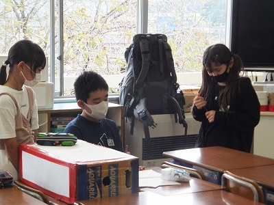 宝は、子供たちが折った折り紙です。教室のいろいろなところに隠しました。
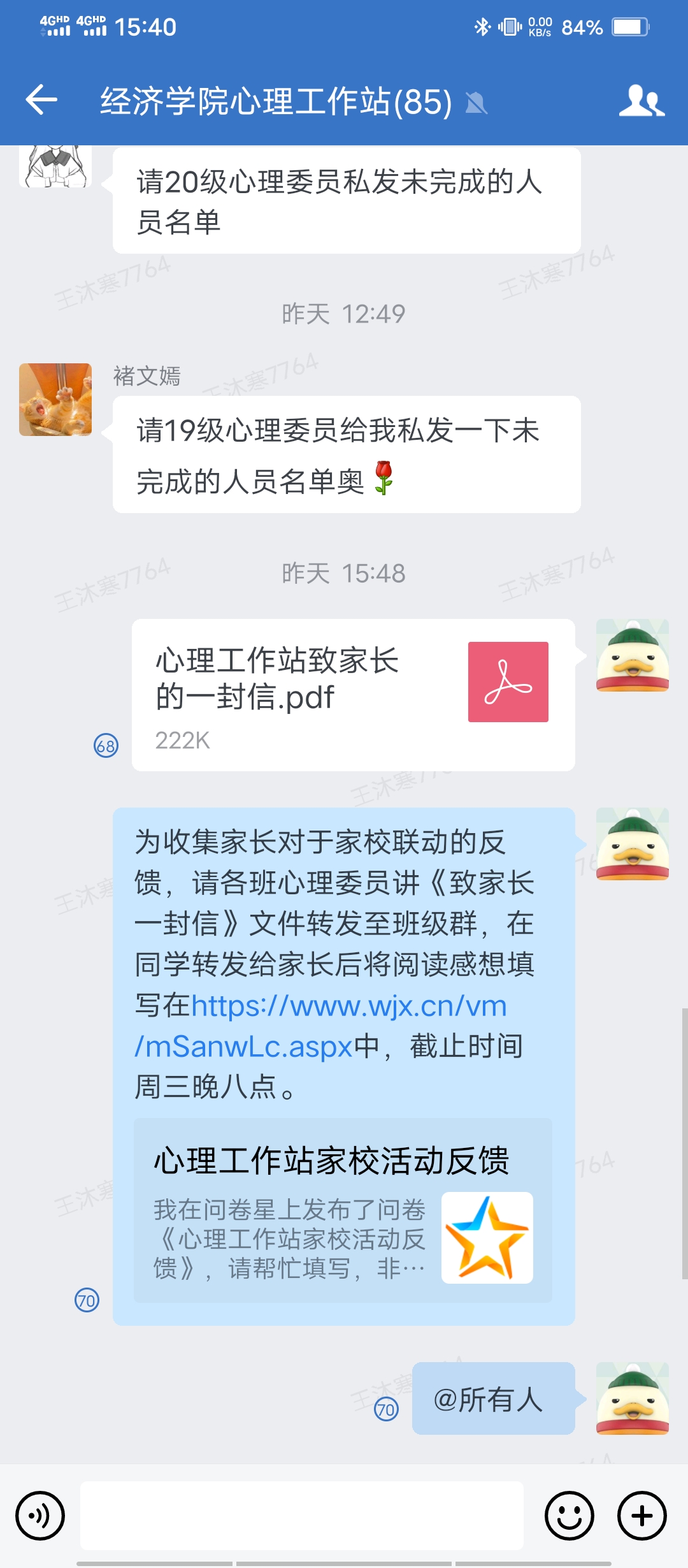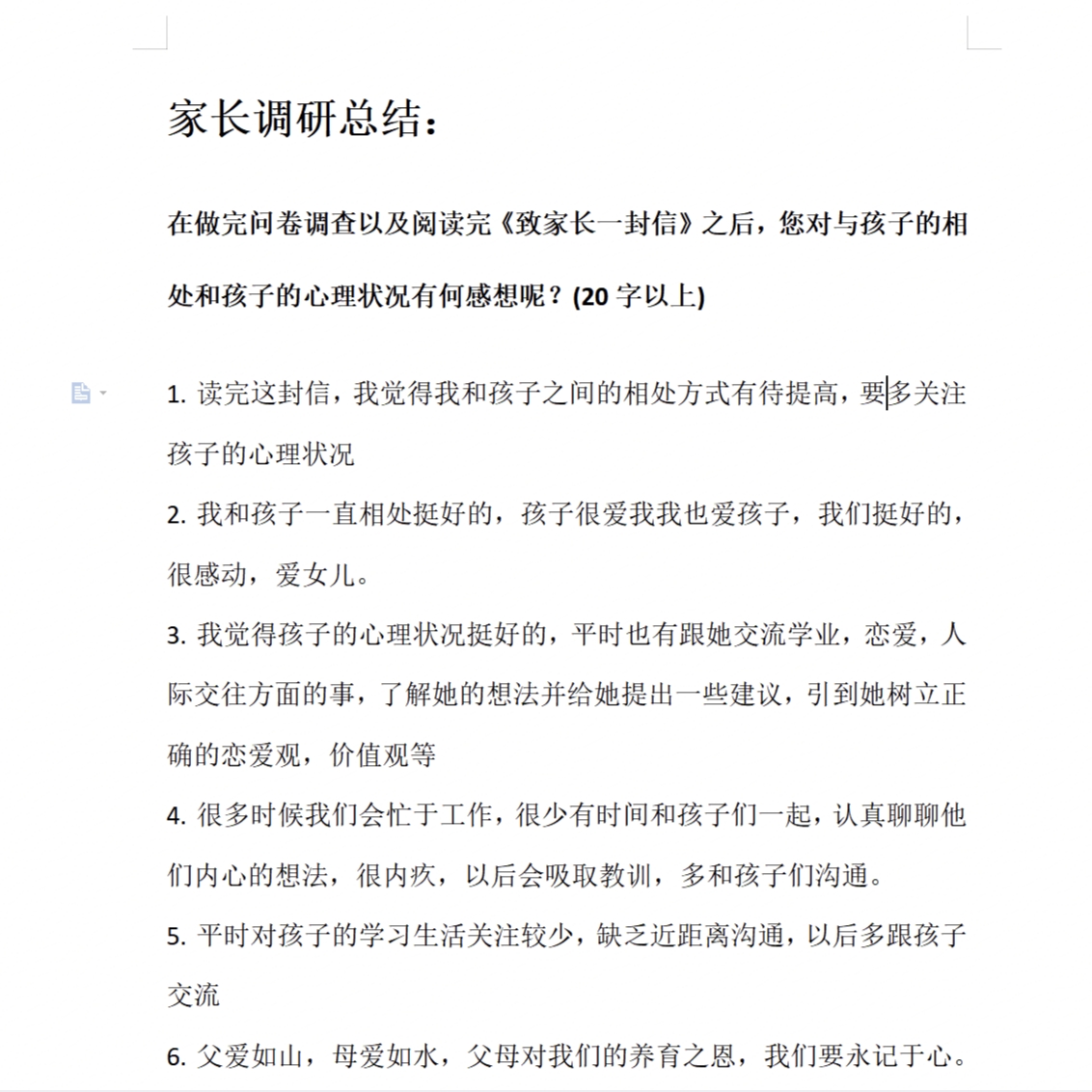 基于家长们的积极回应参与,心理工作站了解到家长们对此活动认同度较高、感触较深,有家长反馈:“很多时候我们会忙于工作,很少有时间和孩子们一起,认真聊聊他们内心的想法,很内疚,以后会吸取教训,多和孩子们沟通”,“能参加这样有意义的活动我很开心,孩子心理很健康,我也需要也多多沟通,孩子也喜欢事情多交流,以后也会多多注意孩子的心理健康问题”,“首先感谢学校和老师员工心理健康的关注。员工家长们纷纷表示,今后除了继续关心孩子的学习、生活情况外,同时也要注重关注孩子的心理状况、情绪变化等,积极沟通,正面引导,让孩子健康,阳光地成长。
:::::
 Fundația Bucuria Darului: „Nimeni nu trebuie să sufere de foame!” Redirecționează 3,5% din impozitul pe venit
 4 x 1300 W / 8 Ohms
:::::
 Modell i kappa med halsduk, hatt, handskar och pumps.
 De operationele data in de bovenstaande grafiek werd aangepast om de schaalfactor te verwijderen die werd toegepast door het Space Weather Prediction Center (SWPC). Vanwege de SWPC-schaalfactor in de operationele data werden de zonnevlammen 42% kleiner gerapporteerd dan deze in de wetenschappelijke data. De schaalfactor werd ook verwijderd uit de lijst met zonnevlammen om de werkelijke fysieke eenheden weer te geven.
:::::
Directions:
In the records above, find the line with "宝は、子供たちが折った折り紙です。教室のいろいろなところに隠しました。" and the line with "基于家长们的积极回应参与,心". Write out exactly those lines and every one between, with no pictures and no other lines.

Answer to this task:
 宝は、子供たちが折った折り紙です。教室のいろいろなところに隠しました。
 基于家长们的积极回应参与,心理工作站了解到家长们对此活动认同度较高、感触较深,有家长反馈:“很多时候我们会忙于工作,很少有时间和孩子们一起,认真聊聊他们内心的想法,很内疚,以后会吸取教训,多和孩子们沟通”,“能参加这样有意义的活动我很开心,孩子心理很健康,我也需要也多多沟通,孩子也喜欢事情多交流,以后也会多多注意孩子的心理健康问题”,“首先感谢学校和老师员工心理健康的关注。员工家长们纷纷表示,今后除了继续关心孩子的学习、生活情况外,同时也要注重关注孩子的心理状况、情绪变化等,积极沟通,正面引导,让孩子健康,阳光地成长。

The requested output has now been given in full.